#### [Provided records]
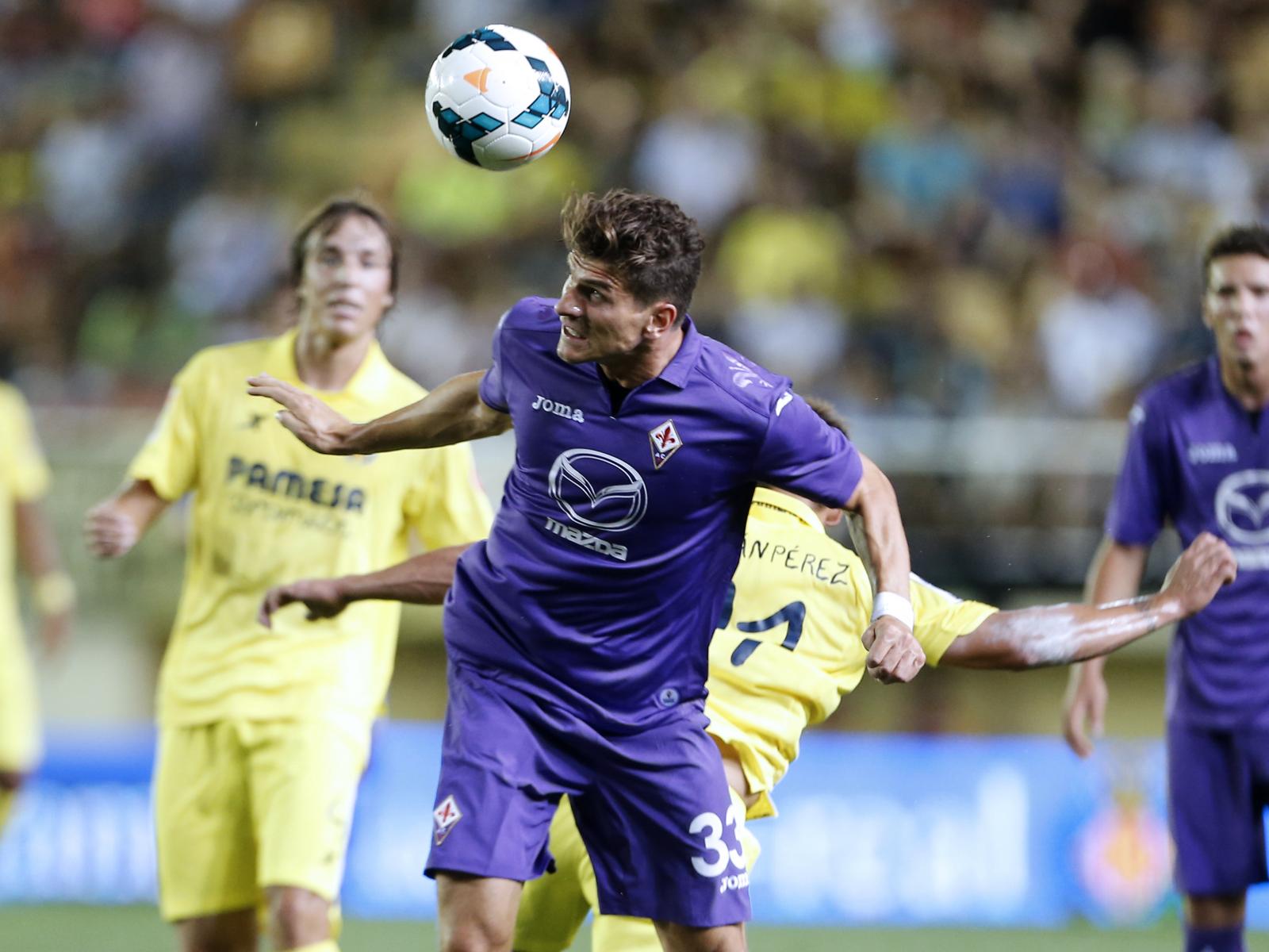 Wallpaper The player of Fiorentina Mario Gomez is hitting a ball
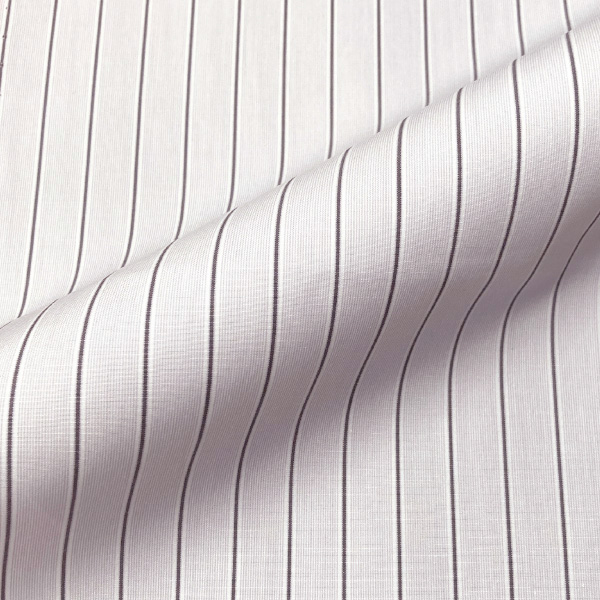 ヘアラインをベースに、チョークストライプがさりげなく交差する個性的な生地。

--

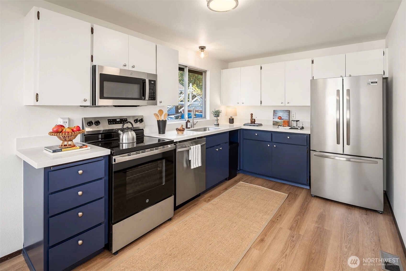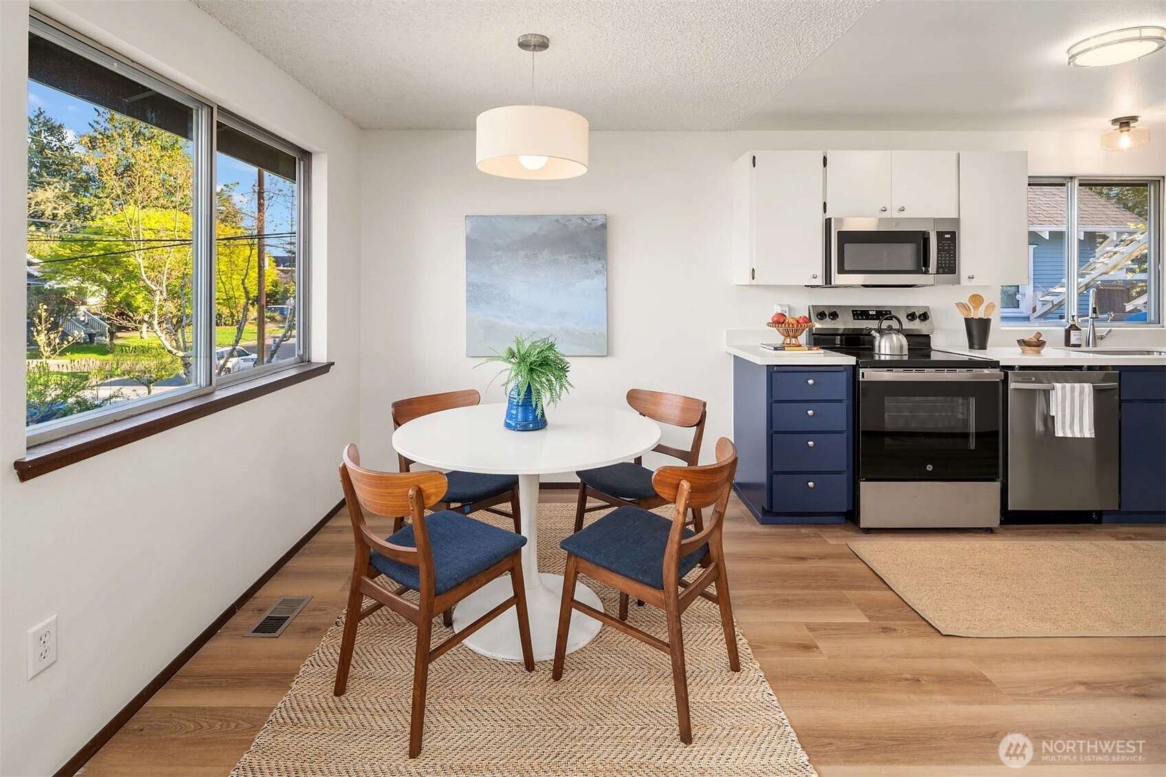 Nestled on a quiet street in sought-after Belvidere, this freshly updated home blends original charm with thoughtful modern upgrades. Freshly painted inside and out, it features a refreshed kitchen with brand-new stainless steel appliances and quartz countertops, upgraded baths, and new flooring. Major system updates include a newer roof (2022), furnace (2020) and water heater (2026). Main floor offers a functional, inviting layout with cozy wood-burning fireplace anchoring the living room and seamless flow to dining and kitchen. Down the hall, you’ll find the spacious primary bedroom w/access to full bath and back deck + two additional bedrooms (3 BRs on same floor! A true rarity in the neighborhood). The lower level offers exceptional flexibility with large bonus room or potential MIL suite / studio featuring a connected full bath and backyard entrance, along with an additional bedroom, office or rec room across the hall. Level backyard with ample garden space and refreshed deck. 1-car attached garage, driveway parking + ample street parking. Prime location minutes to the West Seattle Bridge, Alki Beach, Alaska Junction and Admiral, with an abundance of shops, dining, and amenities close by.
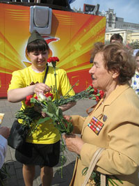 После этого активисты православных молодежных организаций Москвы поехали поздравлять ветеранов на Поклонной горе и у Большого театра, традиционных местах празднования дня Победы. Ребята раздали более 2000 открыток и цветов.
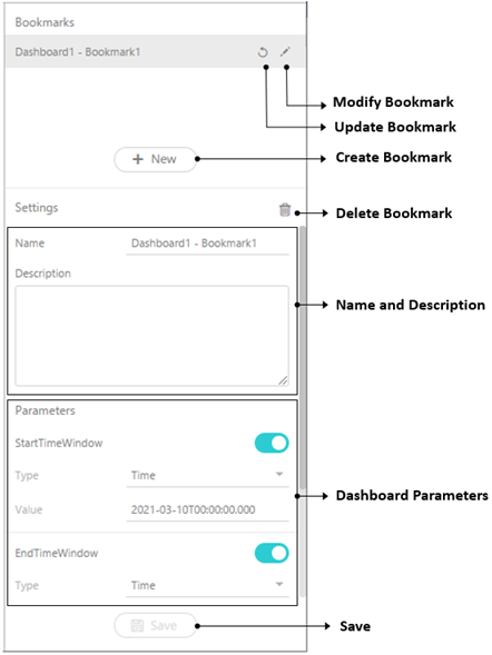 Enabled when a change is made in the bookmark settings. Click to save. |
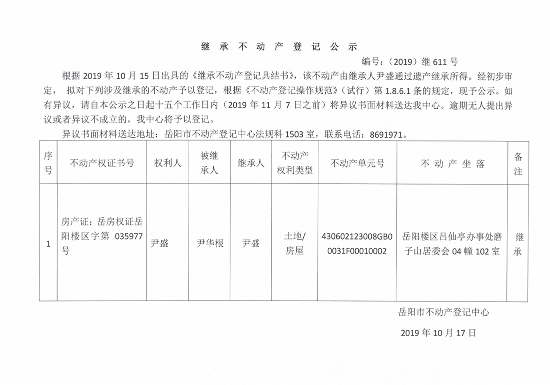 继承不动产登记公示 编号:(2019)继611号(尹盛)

#### [Activity]
Repeat only the stretch of data above that runs from the line with "После этого активисты" to the line with "继承不动产登记公示 编号:(2019)继611号(尹盛)". Keep both end lines; exclude pictures.

#### [Answer area]
 После этого активисты православных молодежных организаций Москвы поехали поздравлять ветеранов на Поклонной горе и у Большого театра, традиционных местах празднования дня Победы. Ребята раздали более 2000 открыток и цветов.
 Enabled when a change is made in the bookmark settings. Click to save. |
 继承不动产登记公示 编号:(2019)继611号(尹盛)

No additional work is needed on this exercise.